Si hay algún psicólogo rondando por ahí, me gustaría que me explicara un poco todo esto.
Sueño 1:
Estaba en un ambiente bastante turbio. Era algo así como un boliche de primera categoría, del estilo que, supongo, frecuenta gente famosa. Muy lujoso y extravagante. Estaba con una conocida del colegio. Nos acercábamos a un lugar donde una pared en semi círculo enmarcaba un sillón; predominaba el color dorado, combinado con negro y marrón, y había chicas muy bien vestidas sacándose fotos ahí, fotos estilo boliche; y nosotras éramos las siguientes. Tenía la sensación de que algo raro ocurría en el lugar y en un momento pasé por una especie de pasillo que había detrás de la pared y llegué a un cuarto (aunque el recorrido no lo recuerdo) más oscuro aún que el anterior, y con mayor predominancia de los tonos amarronados. A mi entender, era una especie de "laboratorio" aunque sabía que allí se llevaban a cabo abortos. Llegué a una mesada donde yacían enormes frascos con bebés conservados en un líquido (tal vez simulando el líquido amniótico, de un color amarillento) aún con sus respectivos cordones umbilicales y DEL REVÉS. Sé que en el sueño eso me horrorizó, aunque lo "tomé con calma". De repente no me encontraba más en esa habitación, sino que había vuelto a lo que era el "boliche" en sí y veía salir diferentes chicas del "laboratorio" que habían abortado recientemente, aunque cuando yo estuve allí, la habitación estaba vacía. Decidí irme de ese lugar y entonces apareció mi hermana, quien había estado embarazada pero había abortado (aunque conservaba la panza que daba la sensación de 4-5 meses) y me daba a su feto, y yo lo sostenía en la mano. Tenía el tamaño de mi palma, y podía distinguirse bien su pequeña cabeza y algunos razgos. Yo sabía que era un varón, y me daba la sensación de que estaba vivo y respiraba tranquilamente en mi mano.
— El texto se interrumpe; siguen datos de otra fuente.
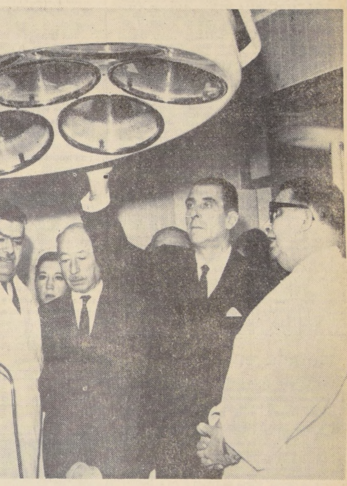
EL PRESIDENTE FREI, inspecciona las instalaciones de un moderno Pabellón de Cirugía, durante la inauguración del nuevo Servicio Asistencial, del Hospital "Barros Luco-Trudeau". Este Servicio cuenta con siete completos Pabellones y una capacidad total de 150 camas de hospitalización.

El Presidente Frei inauguró ayer, el nuevo Servicio de Cirugía del Hospital "Barros Luco-Trudeau", integrado por siete pabellones de operaciones, con un total de 150 camas, laboratorio y central de esterilización.
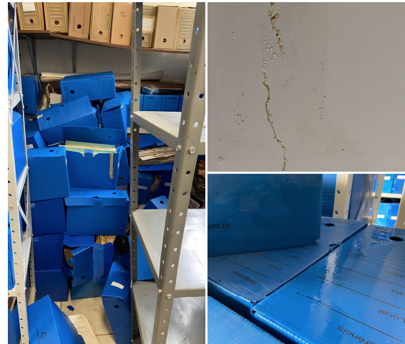
Figura 01: Sala do Arquivo Setorial após o Sinistro
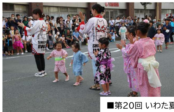
■第20回 いわた夏祭り in ジュビロード
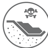
SKŁADOWISKA ODPADÓW STAŁYCH
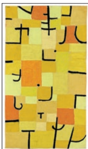
Paul Klee ZEICHEN IN GELB 1937 Blattformat: 60 x 80 cm CHF 140.–
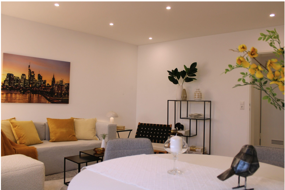
Essplatz mit viel Tageslicht

Resplandecía, pese a la situación brutal que había vivido...
Sueño 2:
Estaba en un auto blanco con quienes yo sabía que eran mi mamá, mi papá y dos hermanitos más pequeños (nene y nena respectivamente, y yo iba sentada en medio de ellos) aunque mis viejos no eran mis viejos ni tampoco tengo hermanos menores, y parecían actores salidos de alguna película taquillera. Tampoco eran parecidos a mí, mamá era rubia, así como mi hermano varón, y papá castaño al igual que mi hermanita. Estábamos volviendo de algún lugar donde -y el recuerdo es un poco confuso- habíamos visto algo así como una competencia de natación(?) pero no lo recuerdo realmente. Las calles que transitábamos estaban vacías, había sido un lindo día y estaba atardeciendo. Pero de repente nos acercamos a un lugar donde los edificios se hacían cada vez más altos, y a medida que eso pasaba, se oscurecía el cielo también, cada vez más tormentoso. Llegamos cerca de la cancha de Independiente(?) Acababa de terminar un partido y empezaba a salir gente a la calle, peleándose por los resultados. Cada vez eran más, me asustaba esa situación no por mí, sino porque me inundaba la necesidad de proteger a mi hermanito para que nadie le hiciese daño. Un policía vestido de civil le advirtió a quien era mi papá de que se pusiera a resguardo, y así fue que empezamos a circular por una calle, bordeando el estadio. Iba saliendo gente enojada, gritándose, empujándose y a medida que nos acercábamos, más miedo me invadía. Cerramos las ventanas del auto y trabamos las puertas, y doblamos a una velocidad considerable en una especie de "garage rojo", que a su vez parecía un club dentro del mismo estadio, y la puerta se cerró tras nosotros. Dejamos el auto estacionado y de repente nos encontramos en un lugar con personas calmas, tal vez mayores de edad, que disfrutaban de ver un partido juntas. Luego aparecimos en otro lugar, donde no predominaba el rojo sino que era una especie de salón como aquellos donde se festejan los cumpleaños de quince, blanco, todo blanco, creo que hasta nuestra ropa había cambiado y era ahora más clara. Había comida, dulces, creo que estaba mi abuela paterna, comimos todos juntos, tranquilos y disfrutamos el amanecer desde la calma vista de un balcón que daba a una playa. No solté a mi "hermanito" en ningún momento... Luego todo se pone confuso, realmente no recuerdo bien, pero al volver a salir a la calle estaba todo calmo, como si la muchedumbre enardecida ya se hubiese calmado, como si nunca hubiese existido tal conflicto...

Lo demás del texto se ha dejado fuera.